Task to carry out -
Your output should be the complete listing, word for word, with no pictures in it.

Raw data -
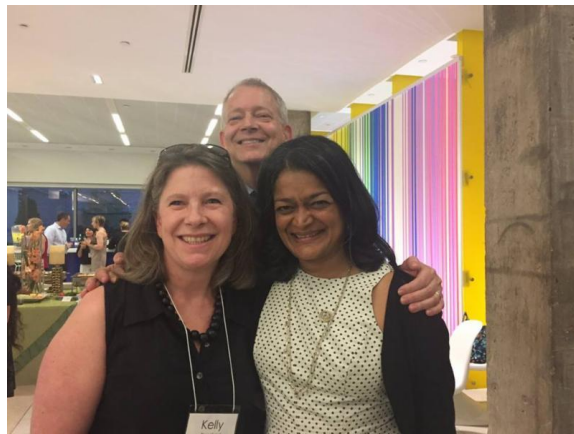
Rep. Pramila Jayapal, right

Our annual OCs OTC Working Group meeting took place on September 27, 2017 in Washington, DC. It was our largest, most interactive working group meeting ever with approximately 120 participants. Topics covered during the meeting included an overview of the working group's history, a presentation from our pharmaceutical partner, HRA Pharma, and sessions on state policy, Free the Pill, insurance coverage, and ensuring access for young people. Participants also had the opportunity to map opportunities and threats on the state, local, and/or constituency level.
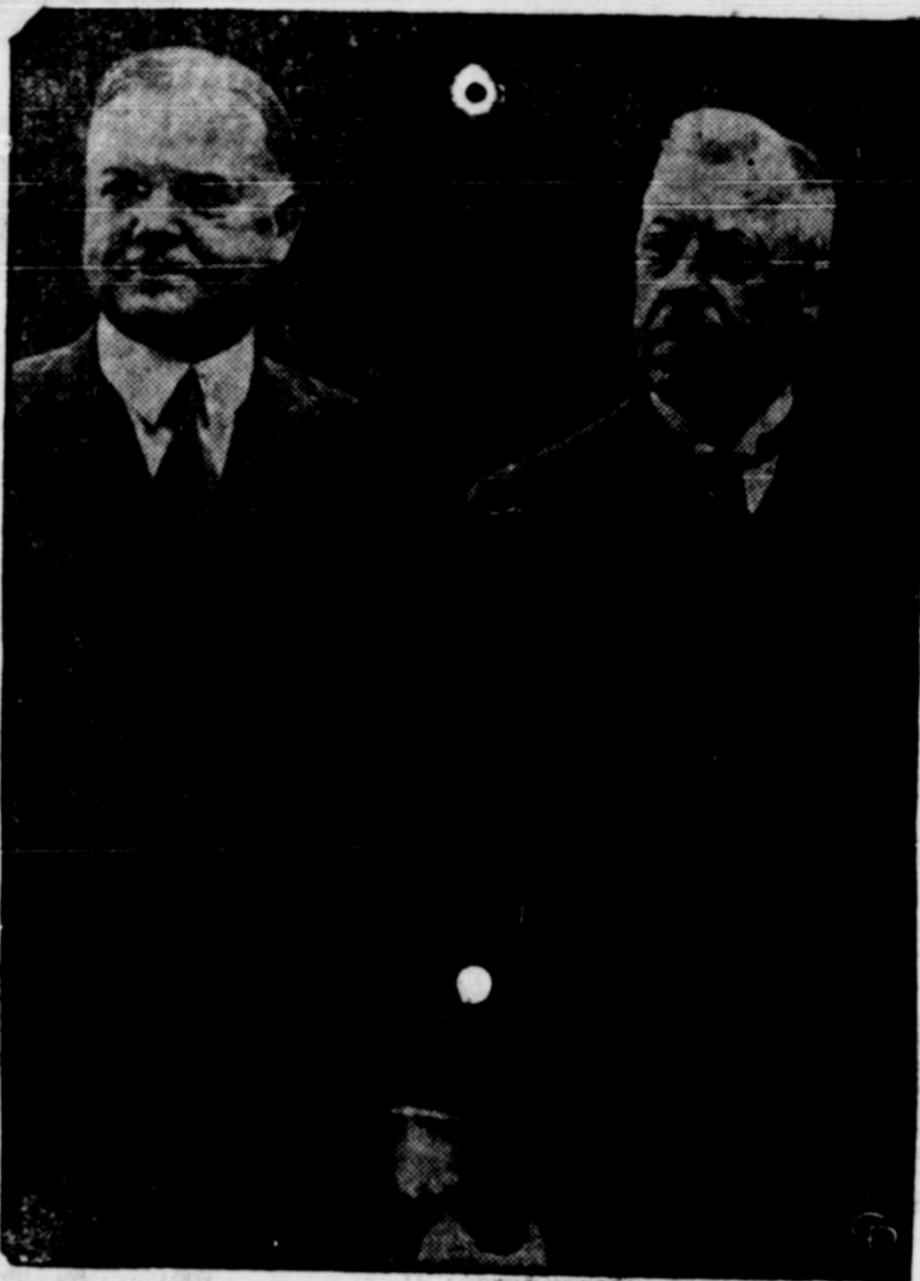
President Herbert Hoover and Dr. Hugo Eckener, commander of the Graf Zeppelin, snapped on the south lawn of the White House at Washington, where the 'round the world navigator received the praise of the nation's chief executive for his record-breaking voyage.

Exercise response -
Rep. Pramila Jayapal, right

Our annual OCs OTC Working Group meeting took place on September 27, 2017 in Washington, DC. It was our largest, most interactive working group meeting ever with approximately 120 participants. Topics covered during the meeting included an overview of the working group's history, a presentation from our pharmaceutical partner, HRA Pharma, and sessions on state policy, Free the Pill, insurance coverage, and ensuring access for young people. Participants also had the opportunity to map opportunities and threats on the state, local, and/or constituency level.
President Herbert Hoover and Dr. Hugo Eckener, commander of the Graf Zeppelin, snapped on the south lawn of the White House at Washington, where the 'round the world navigator received the praise of the nation's chief executive for his record-breaking voyage.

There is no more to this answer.